В январе, приехав в Чарльз-Таун встречать Джорджа, мы узнали о смерти миссис Пинкни. Все понимали, что такой исход был неизбежен, но это не умалило моего потрясения от услышанного, а при виде бледного, призрачного лица мистера Пинкни на похоронах его супруги, скорбь моя лишь усилилась.
Брат задавал вопросы о наших счетах, о том, по каким из них нужно расплатиться в первую очередь перед отъездом, и был весьма впечатлен – мне показалось, даже разочарован, – что долгов у нас не так уж и много. Я слушала его и отвечала, хотя сама в это время вспоминала, как долго мы еще беседовали с миссис Пинкни в последний раз, после того как она попросила меня прочитать мои собственные письма, после того как дыхание ее мужа, лежавшего на канапе, замедлилось и выровнялось – он снова заснул, перестав притворяться спящим и подслушивать нас.
Небо за окном отцовского кабинета было сизым и зловеще безмятежным – значит, надвигался шторм, как всегда здесь бывало ранней весной. Я думала о землях, уже не принадлежавших Лукасам, о нашем истаявшем состоянии, о планах вернуться на Антигуа, которые перечеркивали нашу жизнь в Южной Каролине, как будто ее и не было. Как будто не было вовсе этих лет. Как будто не было меня. Как будто я не пыталась совершить невозможное. Как будто я так и не достигла успеха.
Сколько у нас времени до отплытия? Интересно, много ли несобранных нами семян индигоферы осталось в почве? Вырастут ли кусты в нынешнем году, или их погубят заморозки?
С унылым вздохом я сказала себе, что меня это больше не касается. У этой земли будет новый владелец, в усадьбе на плантации Уаппу поселятся другие люди, как только мы покинем Южную Каролину.
По заливу Уаппу к нашему причалу подплыла небольшая лодка. Я увидела из окна, что к ней бежит Лиль-Гулла, приветствуя пассажира, а затем мчится обратно; за ним с черной траурной лентой на руке неспешно шагает к нашему дому Чарльз Пинкни. Сердце мое пустилось вскачь при виде его, и я не стала себя ругать за эту слабость.

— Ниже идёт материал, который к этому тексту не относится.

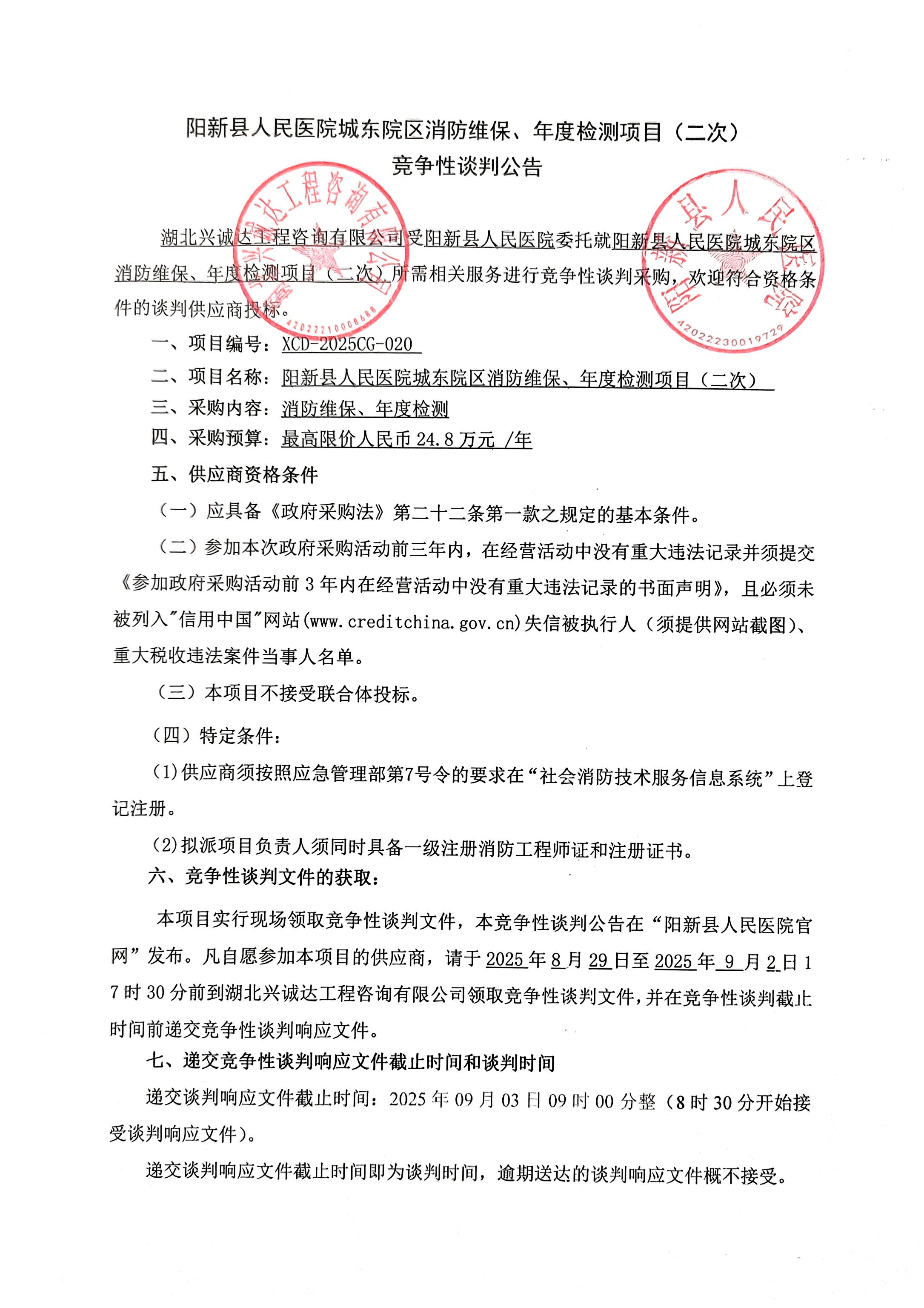 《阳新县人民医院城东院区消防维保、年度检测项目(二次)竞争性谈判公告》

Он был по-прежнему красив, несмотря на застывшее, безжизненное лицо, черты которого заострились в борьбе с недугом супруги и в скорби о ней. Но плечи были все так же широки и расправлены, а походка осталась такой же летящей и целеустремленной.
«Но мне нечего ему предложить», – сказала я в тот, последний раз, миссис Пинкни. «У вас есть все, в чем он нуждается», – возразила она.

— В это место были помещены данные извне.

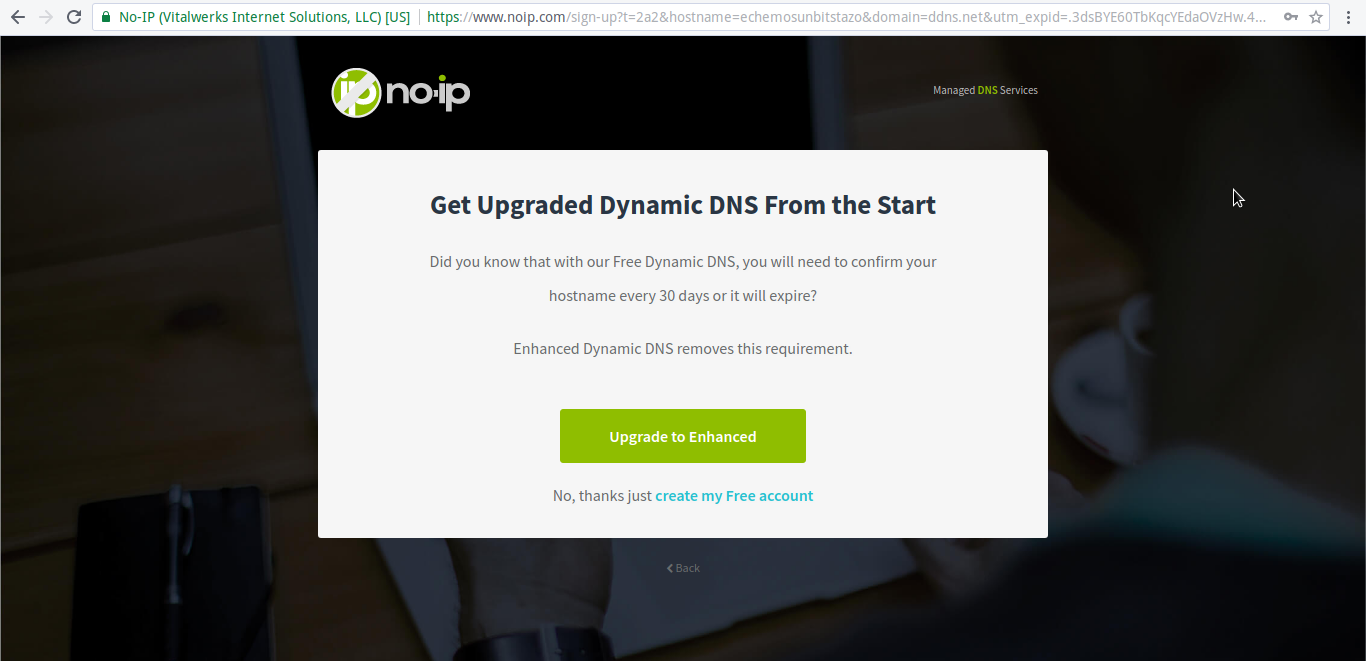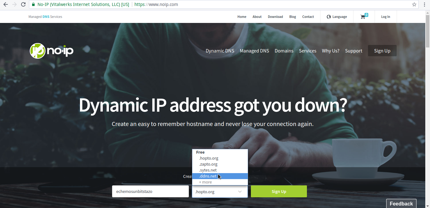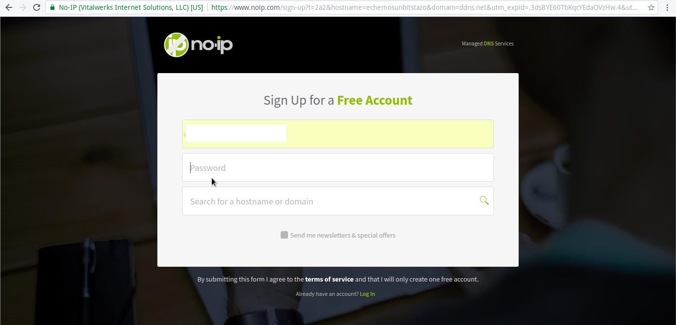 Existen muchos servicios en Internet que pueden darnos una IP fija como Dyn (antes DynDNS), no obstante, vamos a utilizar los servicios de No-IP.org. Este servicio te proporciona un subdominio a elección, y un dominio ya existente, con lo que, realmente accederás al dominio y no a una IP X con lo que será mucho más fácil acordarnos.

Брат по-прежнему что-то говорил, но я встала, оборвав его на середине фразы.
– Элиза, в чем дело?
– У нас гость. Прошу меня простить.
Я поспешила прочь из кабинета, на веранду и дальше, вниз по ступенькам.
Чарльз Пинкни остановился, увидев меня. Его глаза были цвета зимнего океана у него за спиной – темно-серые. Но вода казалась ледяной, а глаза – теплыми, даже в печали.
– Нынче вы не оседлали Чикасо? – спросила я вместо приветствия. Нервы у меня натянулись как струны, я внезапно забыла о хороших манерах. Хотелось обнять этого человека и утолить его боль.
Он улыбнулся:
– Как приятно вас видеть, Элиза. Я уже отчаялся ждать вас в городе, вот и подумал нанести вам визит. Проведать вас и вашу семью.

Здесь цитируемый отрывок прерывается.